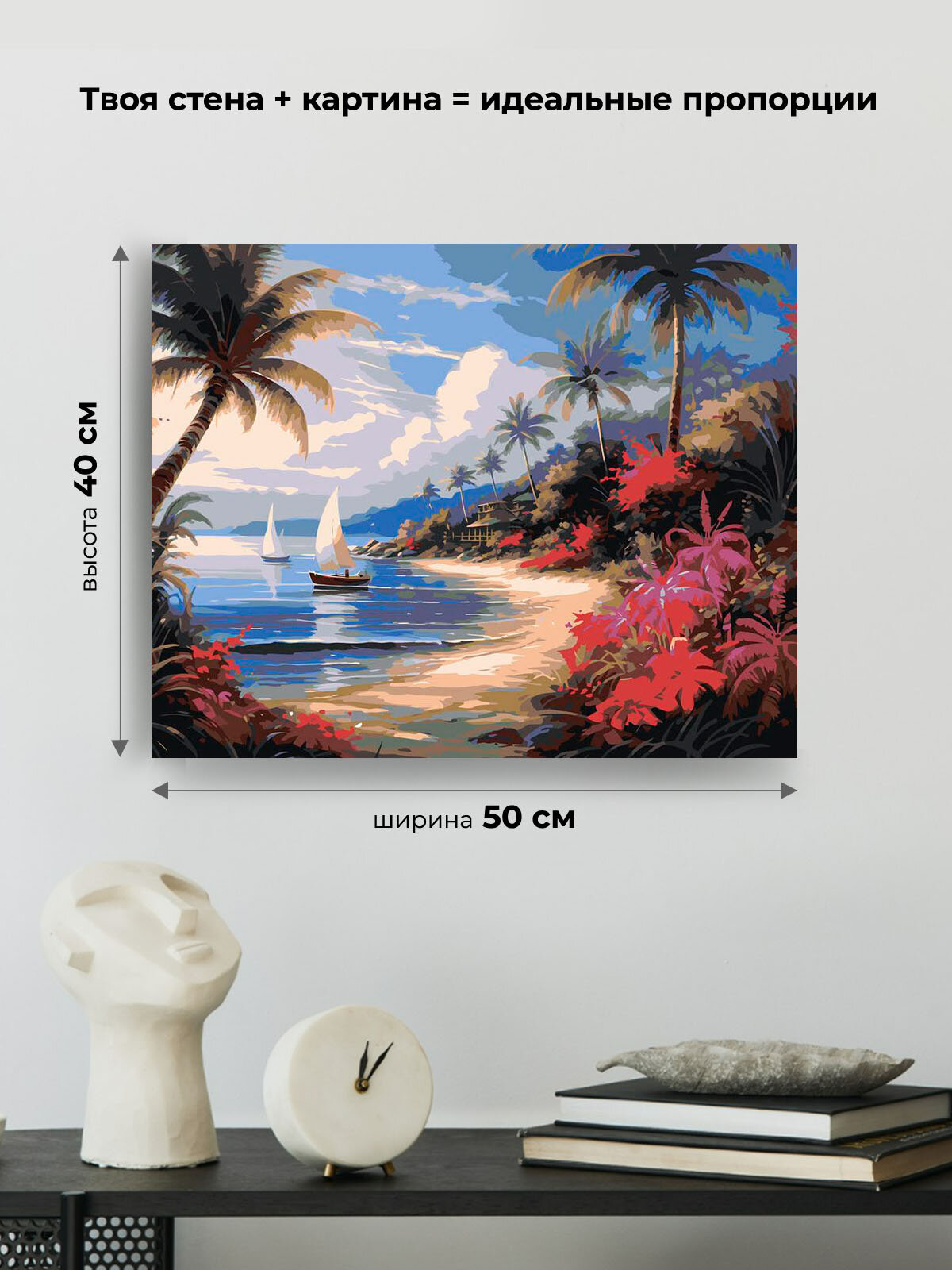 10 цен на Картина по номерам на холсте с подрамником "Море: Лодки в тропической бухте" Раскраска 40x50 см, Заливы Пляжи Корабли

* * *

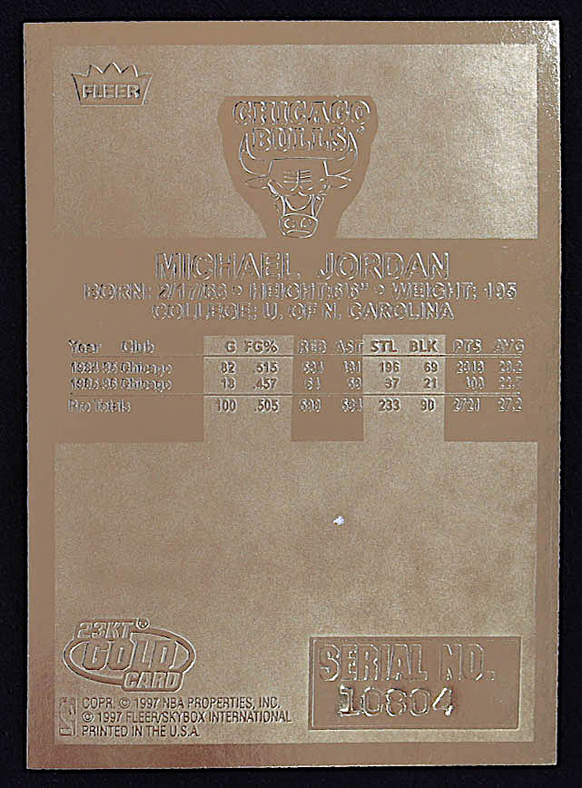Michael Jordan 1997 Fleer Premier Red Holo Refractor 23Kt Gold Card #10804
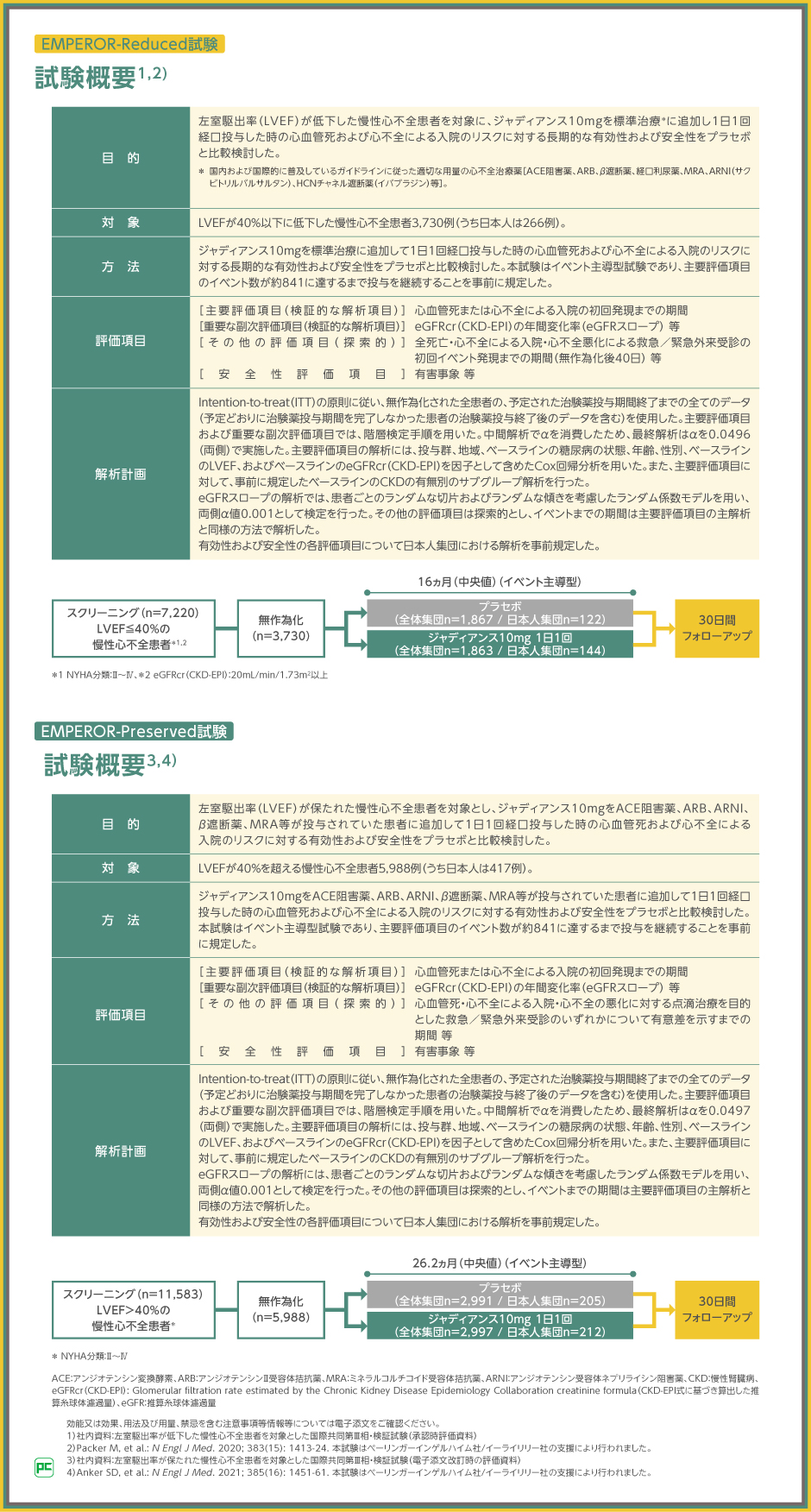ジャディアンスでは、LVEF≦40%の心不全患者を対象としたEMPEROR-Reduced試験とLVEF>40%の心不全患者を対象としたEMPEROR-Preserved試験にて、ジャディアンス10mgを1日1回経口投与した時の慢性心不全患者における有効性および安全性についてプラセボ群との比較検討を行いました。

...

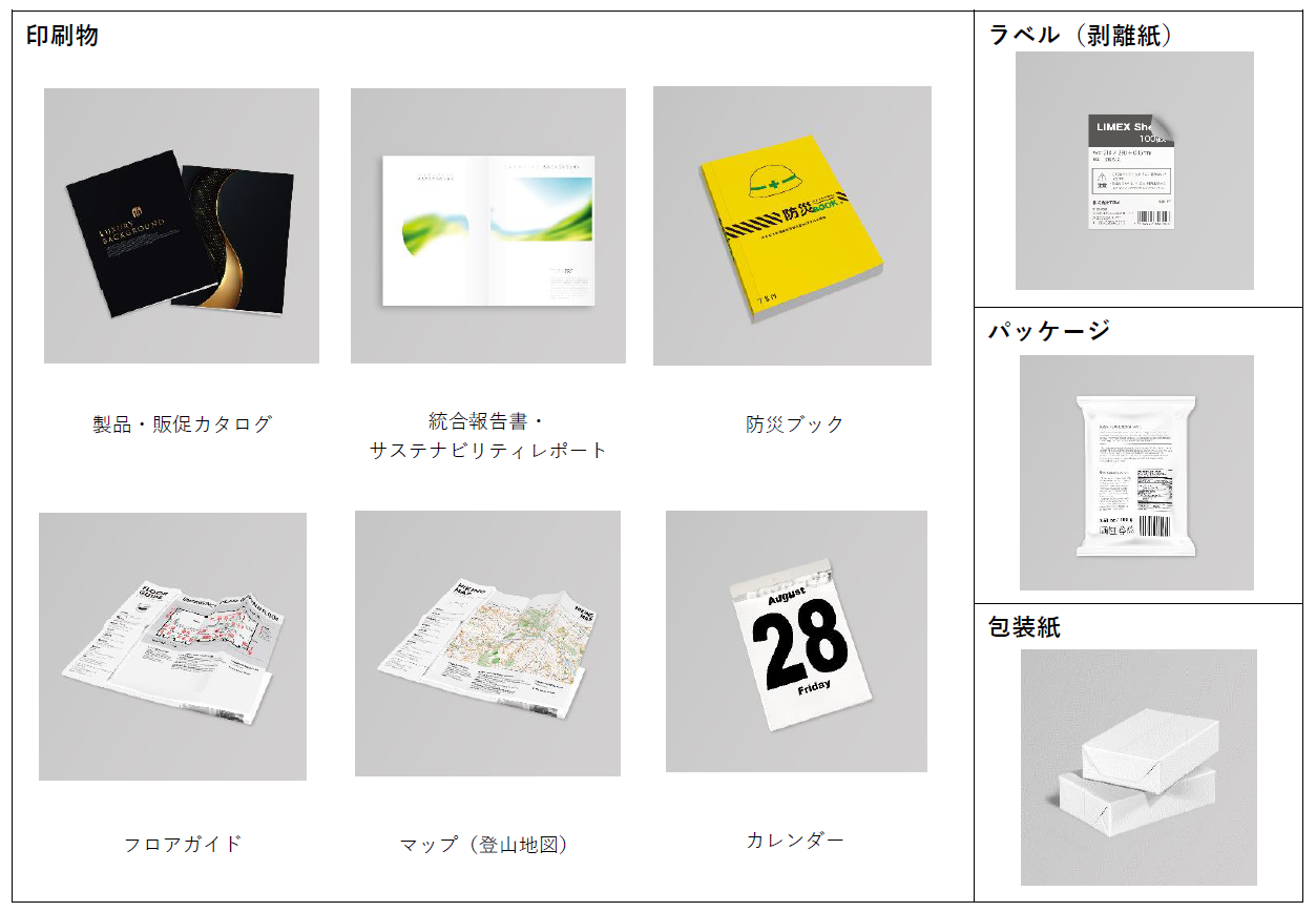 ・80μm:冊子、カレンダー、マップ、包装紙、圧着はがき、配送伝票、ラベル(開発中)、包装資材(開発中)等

Task to carry out:
Would you transcribe the lines above exactly, going from the line bearing "Michael Jordan 1997" through the line bearing "ジャディアンスでは、LVEF", and drop the pictures from the copy?

Result for this task:
Michael Jordan 1997 Fleer Premier Red Holo Refractor 23Kt Gold Card #10804
ジャディアンスでは、LVEF≦40%の心不全患者を対象としたEMPEROR-Reduced試験とLVEF>40%の心不全患者を対象としたEMPEROR-Preserved試験にて、ジャディアンス10mgを1日1回経口投与した時の慢性心不全患者における有効性および安全性についてプラセボ群との比較検討を行いました。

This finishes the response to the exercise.